Republicans revolting against Donald Trump should look at the Labour Party, and despair

The Donald Trump story and the Jeremy Corbyn story are same tale told by different countries. A political party reinvents itself in the 1990s, wins power, but then dishonestly drags its nation into a terrible war in Iraq. It becomes widely reviled. The party is still in power a few years later when the financial system collapses. The party takes desperate measures to keep the country’s economy going – rescuing failed banks – but that in turn leads to more unpopularity and distrust among the public. It loses power. In opposition, the party’s base – its core voters – starts to revolt. The party then loses another election. Then the party’s grassroots have a chance to reject the party leadership, which they do. The voters elect instead a leader who seems unelectable, a joke figure. Journalists scoff, the party is humiliated, and everybody thinks it is funny. The party elite and its media backers try to organise coup after coup against the new leader, but that only entrenches his position. A strong (yet oddly ironic) personality cult has developed around the new leader, so that the worse he performs – and the more the media pours scorn on him – the more his supporters worship him.

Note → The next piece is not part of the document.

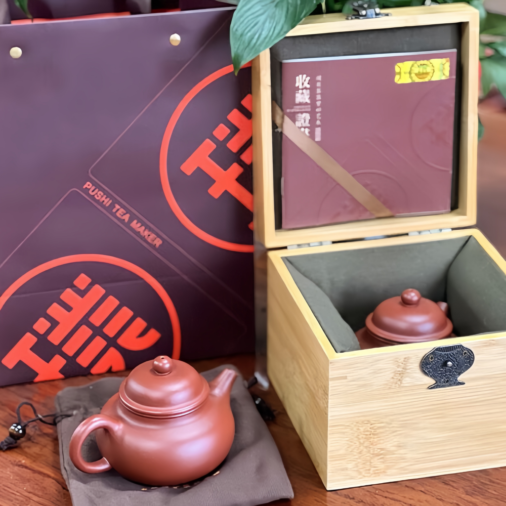 Each teapot follows traditional Yixing techniques guided by artisan Zhang Qiang, whose work combines careful shaping and polishing to highlight the clay’s natural character. The teapot is presented in a protective wooden gift box with a certificate card and cloth bag—ideal for storage or gifting.

There are of course great differences between Labour’s plight and the Republican Party’s. Jeremy Corbyn is no Donald Trump, and vice-versa. But the moral lesson is the same. This tale of two parties is a powerful allegory about what happens when you take voters for granted for too long. And the Republican Party leaders now launching a late, hopeless rebellion against Donald Trump this weekend should look at what has happened to the Labour Party, and despair. What these Grand Old Party bigwigs don’t realise – or can’t accept – is that, however much the public may think Trump’s candidacy farcical and find him appalling, voters hate them far than they could ever hate the Donald. The more cynically these establishment politicians move against the leader – endorsing him one day then turning on him the next – the more they confirm the public’s suspicion that they are lying crooks who will stop at nothing to preserve their power. The latest coup against Trump, just like the latest attempt to force Jeremy Corbyn to resign, has only strengthened his position among his supporters. Look at the ovation the Republican nominee received outside Trump Tower last night.

The most pressing difference, of course, is that Donald Trump’s big election test is in four weeks, whereas Jeremy Corbyn might not face a general election until 2020. This makes this weekend’s revolt against Trump both more urgent and too late. It will not work (it actually cannot work, legally) but it will confirm another suspicion – that the GOP, like Labour, is a dead beast.